You're too late. By the time that the typed command gets to Python your shell has already worked its magic. For example, quotes get consumed (as you've noticed), variables get interpolated, etc.

Stirling answered 20/3, 2009 at 19:16 Comment(1)

Quotes are not consumed by Windows' CMD. – Indiana 10/9, 2018 at 21:5

*nix

Look at the initial stack layout (Linux on i386) that provides access to command line and environment of a program: the process sees only separate arguments.

You can't get the command-line as it was typed in the general case. On Unix, the shell parses the command-line into separate arguments and eventually execv(path, argv) function that invokes the corresponding syscall is called. sys.argv is derived from argv parameter passed to the execve() function. You could get something equivalent using " ".join(map(shlex.quote, sys.argv)) though you shouldn't need to e.g., if you want to restart the script with slightly different command-line parameters then sys.argv is enough (in many cases), see Is it possible to set the python -O (optimize) flag within a script?

There are some creative (non-practical) solutions:

attach the shell using gdb and interrogate it (most shells are capable of repeating the same command twice)—you should be able to get almost the same command as it was typed— or read its history file directly if it is updated before your process exits
use screen, script utilities to get the terminal session
use a keylogger, to get what was typed.

Windows

On Windows the native CreateProcess() interface is a string but python.exe still receives arguments as a list. subprocess.list2cmdline(sys.argv) might help to reverse the process. list2cmdline is designed for applications using the same rules as the MS C runtime—python.exe is one of them. list2cmdline doesn't return the command-line as it was typed but it returns a functional equivalent in this case.

On Python 2, you might need GetCommandLineW(), to get Unicode characters from the command line that can't be represented in Windows ANSI codepage (such as cp1252).

Nonoccurrence answered 20/3, 2009 at 20:4 Comment(4)

It is OK for practical proposes. But, if you want to get all double space or tabs, this will not work (This is just a good "reconstruction" of the command line, not the original). – Cassino 8/6, 2016 at 16:57

Usage is with one parameter. That means subprocess.list2cmdline(sys.argv) should be used. – Cassino 8/6, 2016 at 16:59

@A.Sommerh: 1- It works for double space and tabs. It is what subprocess module uses to create a new process on Windows. Each command on Windows parses its own command-line. python.exe uses the same rules as subprocess.list2cmdline(). 2- I've approved your edit. It makes my mentioning the name of the function into a complete code example. I didn't mean to imply that subprocess.list2cmdline() is an actual call—the name suggest that you should pass a list and it returns a command line (as a string). – Nonoccurrence 8/6, 2016 at 19:20

@J-F-Sebastian, I meant: "if you want to get all double spaces or tabs of the original command line, subprocess.list2cmdline() will not work as expected, because some of them are lost when python construct sys.argv". Good edition of your answer by the way! – Cassino 8/6, 2016 at 23:42

In a Unix environment, this is not generally possible...the best you can hope for is the command line as passed to your process.

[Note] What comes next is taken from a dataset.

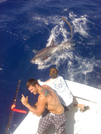 We are still catching Kingfish, Wahoos, Black Fin Tunas and Mahi Mahi off the coast of Fort Lauderdale. Our Shark season is approaching very soon bringing the migration of Thresher, Makos, Hammerheads, Bulls, Duskys and Tiger Sharks to our fishing grounds in Fort Lauderdale. Catching Sharks weighing anywhere from 100 to 400 lbs is an exciting feat for any angler to experience. Just to see these magnificent creatures in the water along the side of the Happy Day Today is a thrilling sight.
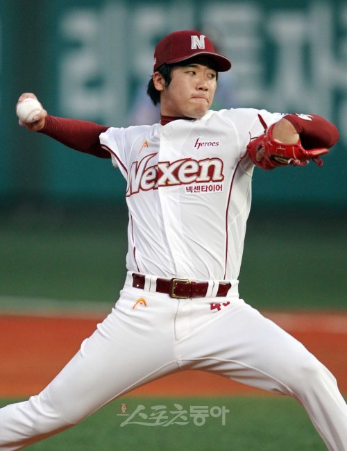 27일 저녁 서울 목동야구장에서 열린 2010 프로야구 넥센 히어로즈와 한화 이글스의 경기에서 넥센 선발 투수 고원준이 역투하고 있다.

Because the shell (essentially any shell) may munge the typed command line in several ways before handing it to the OS for execution.

Uhf answered 20/3, 2009 at 19:15 Comment(0)

As mentioned, this probably cannot be done, at least not reliably. In a few cases, you might be able to find a history file for the shell (e.g. - "bash", but not "tcsh") and get the user's typing from that. I don't know how much, if any, control you have over the user's environment.

Moncrief answered 20/3, 2009 at 20:40 Comment(2)

Even in the .history, some processing has been applied (! substitution at a minimum...). +1 for cleverness, though. Nice thought. – Uhf 20/3, 2009 at 22:46

I believe that Bash, be default, doesn't write to the .history file except at the end of a session, so this doesn't work either. – Miseno 21/3, 2009 at 1:27

On Linux there is /proc/<pid>/cmdline that is in the format of argv[] (i.e. there is 0x00 between all the lines and you can't really know how many strings there are since you don't get the argc; though you will know it when the file runs out of data ;).

You can be sure that that commandline is already munged too since all escaping/variable filling is done and parameters are nicely packaged (no extra spaces between parameters, etc.).

Mele answered 21/3, 2009 at 1:9 Comment(3)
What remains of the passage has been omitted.